**TASK BRIEF**
Lines outside the range are not wanted. Give again exactly the lines between the line holding "木飾面的分割和線條感,形成空" and the line holding "广博 (GuangBo) 金属网状多功能文件框/文件筐/带笔筒收纳架办公用品", inclusive, from the listing below.

**EXERCISE DATA**

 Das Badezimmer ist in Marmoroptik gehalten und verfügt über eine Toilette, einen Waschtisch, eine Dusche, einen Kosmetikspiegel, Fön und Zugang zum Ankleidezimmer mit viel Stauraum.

==

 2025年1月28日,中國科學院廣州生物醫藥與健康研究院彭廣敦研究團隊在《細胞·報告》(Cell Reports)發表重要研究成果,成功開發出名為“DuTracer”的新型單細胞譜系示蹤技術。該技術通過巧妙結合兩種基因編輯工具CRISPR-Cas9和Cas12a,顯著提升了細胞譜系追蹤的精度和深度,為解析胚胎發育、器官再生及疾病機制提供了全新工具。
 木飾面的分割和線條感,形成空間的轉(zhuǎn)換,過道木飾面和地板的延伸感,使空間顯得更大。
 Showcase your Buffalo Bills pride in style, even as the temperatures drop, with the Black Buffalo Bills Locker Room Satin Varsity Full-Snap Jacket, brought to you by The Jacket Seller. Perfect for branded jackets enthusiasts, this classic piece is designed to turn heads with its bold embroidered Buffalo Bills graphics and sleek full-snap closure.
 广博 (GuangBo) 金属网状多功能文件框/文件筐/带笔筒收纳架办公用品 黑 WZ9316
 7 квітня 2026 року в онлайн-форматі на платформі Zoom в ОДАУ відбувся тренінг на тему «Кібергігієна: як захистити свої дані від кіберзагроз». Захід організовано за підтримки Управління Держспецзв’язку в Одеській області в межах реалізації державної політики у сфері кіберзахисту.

**RESPONSE FOR THIS EXERCISE**
 木飾面的分割和線條感,形成空間的轉(zhuǎn)換,過道木飾面和地板的延伸感,使空間顯得更大。
 Showcase your Buffalo Bills pride in style, even as the temperatures drop, with the Black Buffalo Bills Locker Room Satin Varsity Full-Snap Jacket, brought to you by The Jacket Seller. Perfect for branded jackets enthusiasts, this classic piece is designed to turn heads with its bold embroidered Buffalo Bills graphics and sleek full-snap closure.
 广博 (GuangBo) 金属网状多功能文件框/文件筐/带笔筒收纳架办公用品 黑 WZ9316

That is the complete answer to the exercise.